▶ [Task to carry out]: From the line with "4、鍋中水燒開,加入一勺食用" through the line with "ヴェルディのスペシャリスト、", inclusive, return each line of the data below exactly and leave the rest out.

▶ [Material for this exercise]:
____

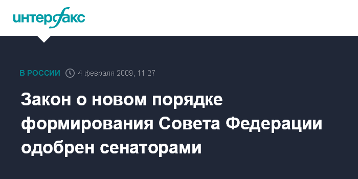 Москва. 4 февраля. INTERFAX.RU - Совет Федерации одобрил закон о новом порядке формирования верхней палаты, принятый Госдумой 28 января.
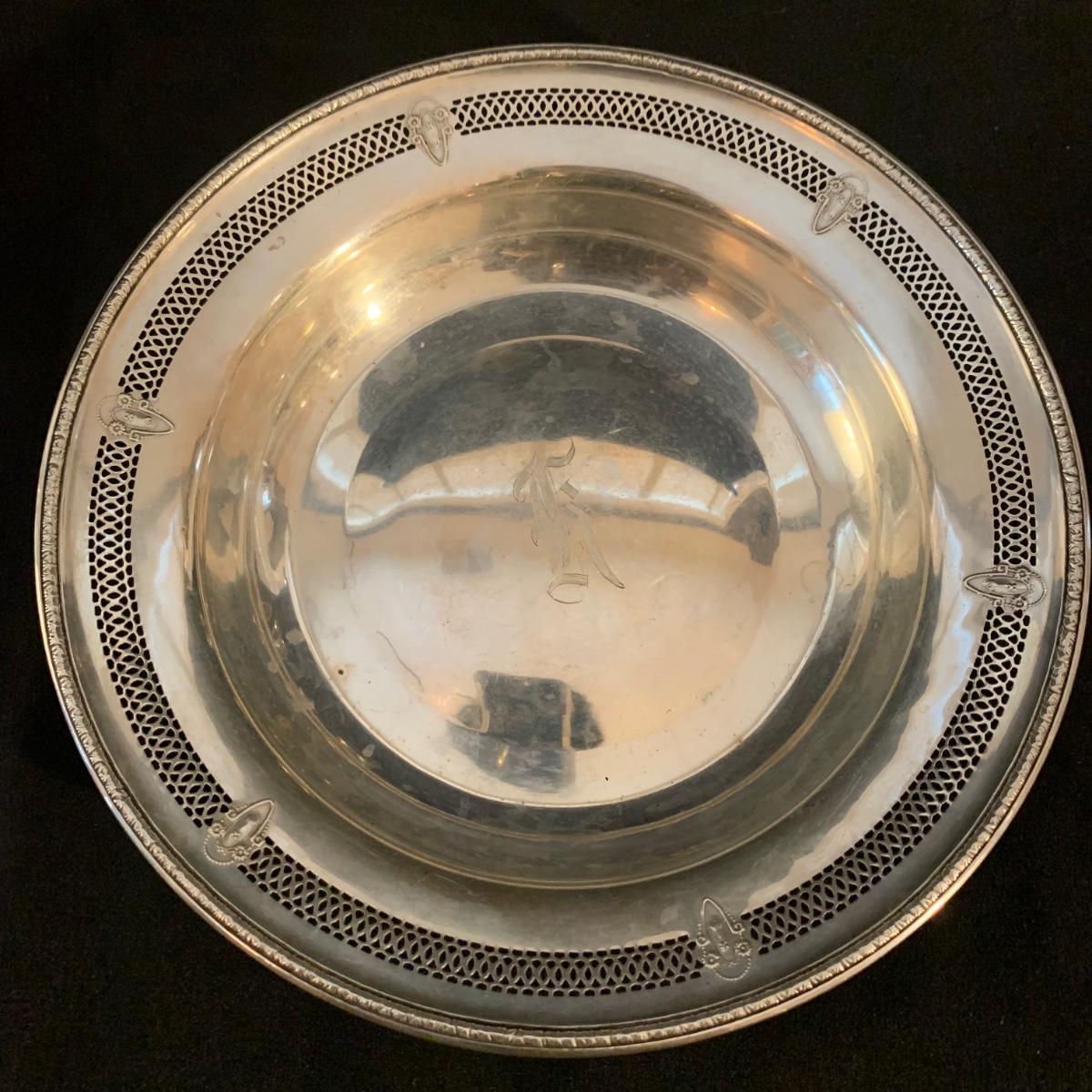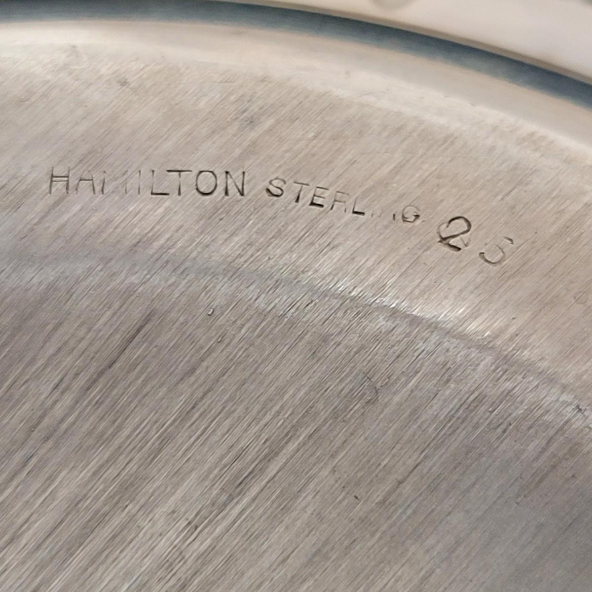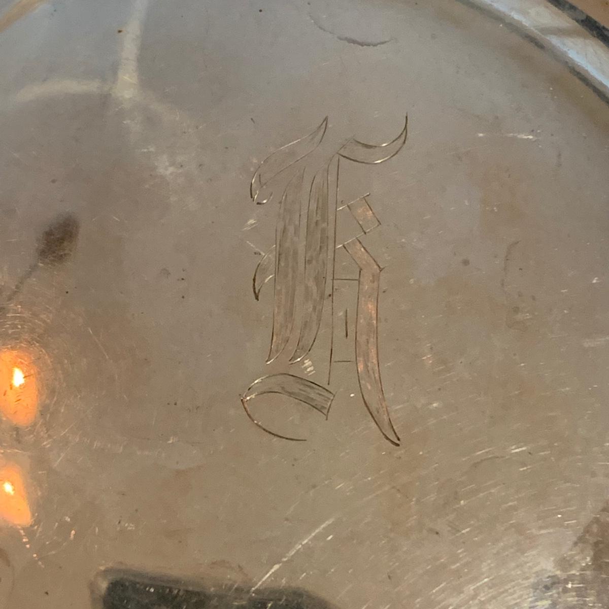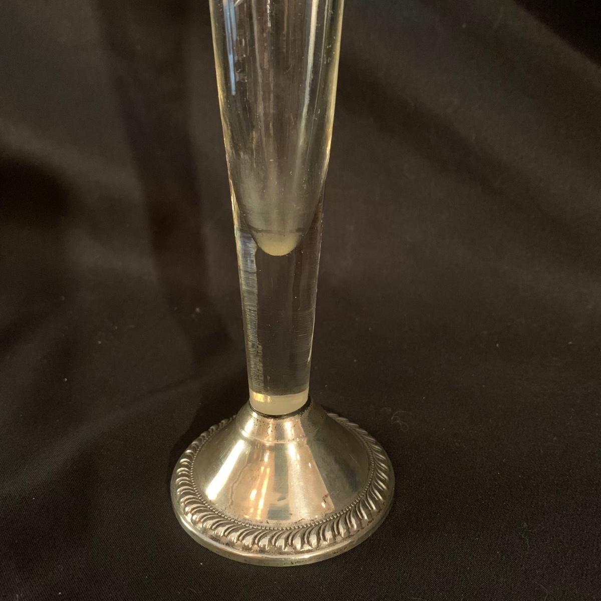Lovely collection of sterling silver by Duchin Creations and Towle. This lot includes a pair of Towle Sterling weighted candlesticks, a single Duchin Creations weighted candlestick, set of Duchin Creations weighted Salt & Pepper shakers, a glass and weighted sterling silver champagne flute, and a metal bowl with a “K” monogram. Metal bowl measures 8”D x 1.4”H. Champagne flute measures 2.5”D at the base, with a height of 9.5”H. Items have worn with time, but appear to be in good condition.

____

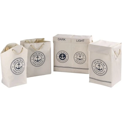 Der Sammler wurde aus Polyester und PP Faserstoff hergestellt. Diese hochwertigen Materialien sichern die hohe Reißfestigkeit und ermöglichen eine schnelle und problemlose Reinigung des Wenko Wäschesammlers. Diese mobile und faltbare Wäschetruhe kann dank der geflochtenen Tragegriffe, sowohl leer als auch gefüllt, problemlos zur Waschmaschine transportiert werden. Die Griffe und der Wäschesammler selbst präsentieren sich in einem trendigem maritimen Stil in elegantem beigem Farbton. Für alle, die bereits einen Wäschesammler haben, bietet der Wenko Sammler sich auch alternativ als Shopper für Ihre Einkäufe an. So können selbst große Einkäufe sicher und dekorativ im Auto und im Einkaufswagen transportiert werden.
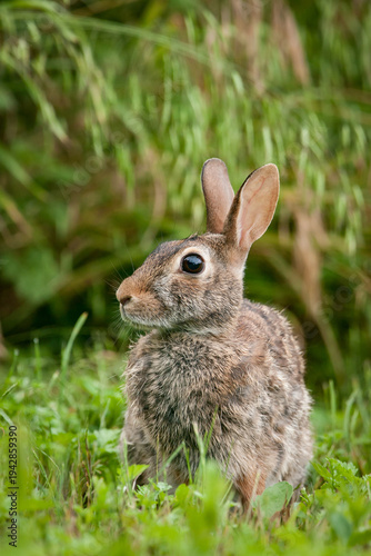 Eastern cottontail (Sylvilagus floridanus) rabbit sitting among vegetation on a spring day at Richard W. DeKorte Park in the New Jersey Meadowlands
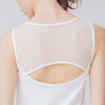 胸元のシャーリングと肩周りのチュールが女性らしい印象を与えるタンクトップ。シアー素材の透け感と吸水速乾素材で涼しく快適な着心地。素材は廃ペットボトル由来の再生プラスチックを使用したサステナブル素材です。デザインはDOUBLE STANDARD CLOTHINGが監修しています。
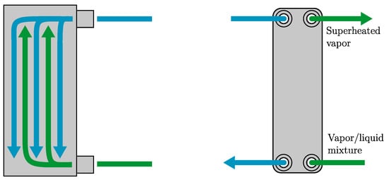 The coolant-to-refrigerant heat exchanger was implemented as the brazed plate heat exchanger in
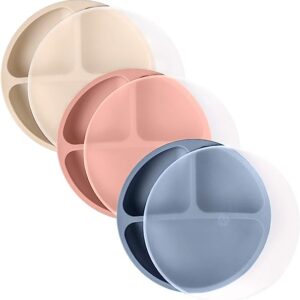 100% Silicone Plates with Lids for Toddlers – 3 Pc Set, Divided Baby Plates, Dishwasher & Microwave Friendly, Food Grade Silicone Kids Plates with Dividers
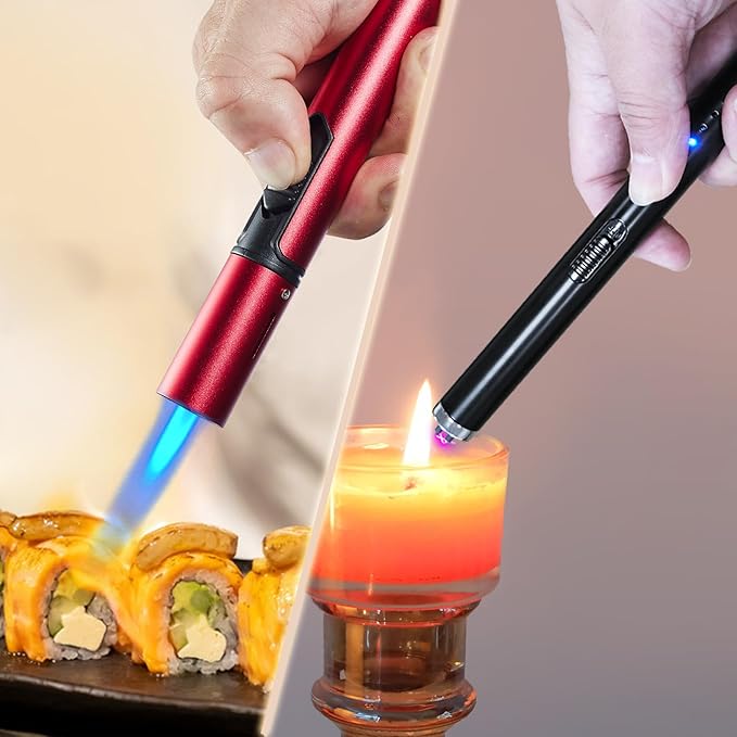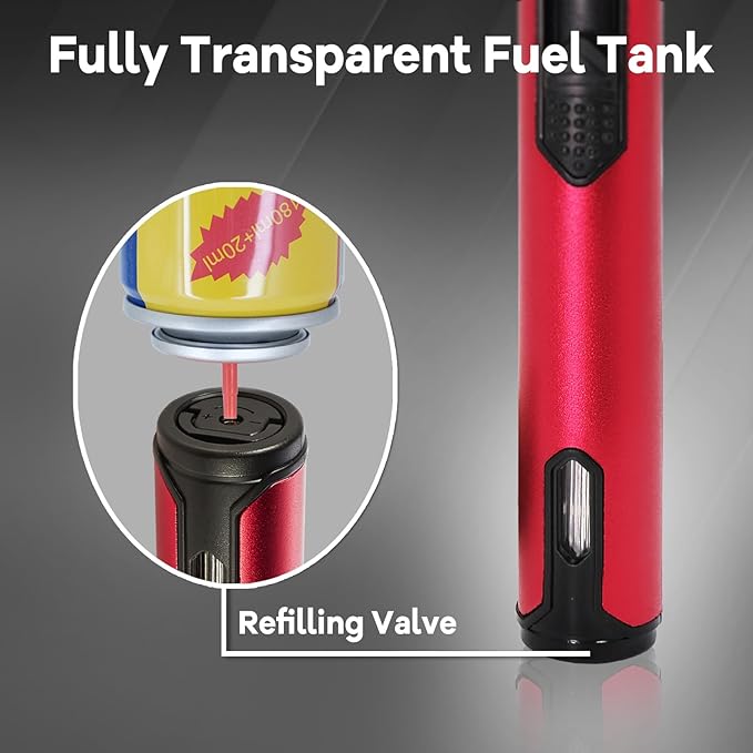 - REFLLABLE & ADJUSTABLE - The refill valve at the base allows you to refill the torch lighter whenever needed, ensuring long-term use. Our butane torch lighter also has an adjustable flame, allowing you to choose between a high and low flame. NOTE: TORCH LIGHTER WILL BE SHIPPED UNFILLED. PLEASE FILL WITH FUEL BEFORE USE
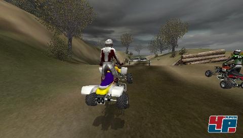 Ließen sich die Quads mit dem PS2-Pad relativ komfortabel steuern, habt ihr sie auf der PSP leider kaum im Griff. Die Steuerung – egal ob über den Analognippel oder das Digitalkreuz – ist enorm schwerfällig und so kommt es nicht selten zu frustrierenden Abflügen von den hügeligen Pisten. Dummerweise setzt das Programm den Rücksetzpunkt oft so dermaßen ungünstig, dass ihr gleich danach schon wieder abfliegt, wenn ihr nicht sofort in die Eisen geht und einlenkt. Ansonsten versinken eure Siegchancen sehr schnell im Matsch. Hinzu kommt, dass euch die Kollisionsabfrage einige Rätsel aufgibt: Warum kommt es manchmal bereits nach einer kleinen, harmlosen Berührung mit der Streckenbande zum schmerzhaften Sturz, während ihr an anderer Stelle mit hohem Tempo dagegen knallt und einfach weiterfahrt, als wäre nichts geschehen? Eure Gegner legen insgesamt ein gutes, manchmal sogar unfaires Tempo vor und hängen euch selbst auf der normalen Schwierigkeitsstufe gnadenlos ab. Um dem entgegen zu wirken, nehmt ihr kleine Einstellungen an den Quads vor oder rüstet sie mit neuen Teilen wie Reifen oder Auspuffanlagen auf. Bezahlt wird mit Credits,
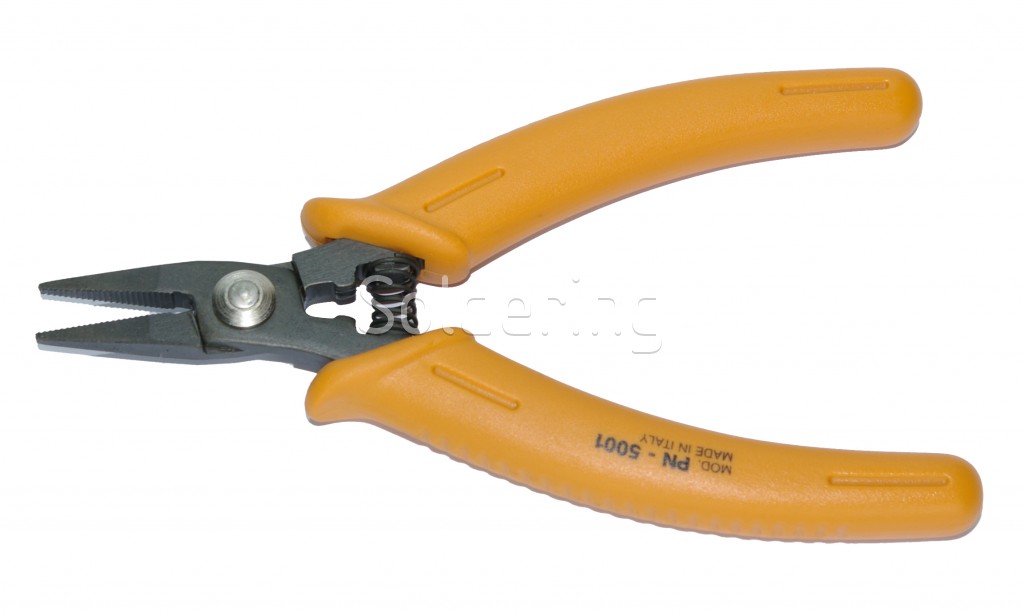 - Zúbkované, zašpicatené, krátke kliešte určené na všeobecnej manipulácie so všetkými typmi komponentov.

____

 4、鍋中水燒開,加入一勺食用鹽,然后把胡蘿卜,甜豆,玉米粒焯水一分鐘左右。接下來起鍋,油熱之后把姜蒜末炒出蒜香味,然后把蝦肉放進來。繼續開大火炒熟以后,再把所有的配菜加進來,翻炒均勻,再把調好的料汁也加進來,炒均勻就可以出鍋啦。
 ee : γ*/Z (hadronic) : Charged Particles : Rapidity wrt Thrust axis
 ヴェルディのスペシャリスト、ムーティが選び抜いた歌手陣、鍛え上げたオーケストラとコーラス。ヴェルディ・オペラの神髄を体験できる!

____

▶ [Your solution]:
 4、鍋中水燒開,加入一勺食用鹽,然后把胡蘿卜,甜豆,玉米粒焯水一分鐘左右。接下來起鍋,油熱之后把姜蒜末炒出蒜香味,然后把蝦肉放進來。繼續開大火炒熟以后,再把所有的配菜加進來,翻炒均勻,再把調好的料汁也加進來,炒均勻就可以出鍋啦。
 ee : γ*/Z (hadronic) : Charged Particles : Rapidity wrt Thrust axis
 ヴェルディのスペシャリスト、ムーティが選び抜いた歌手陣、鍛え上げたオーケストラとコーラス。ヴェルディ・オペラの神髄を体験できる!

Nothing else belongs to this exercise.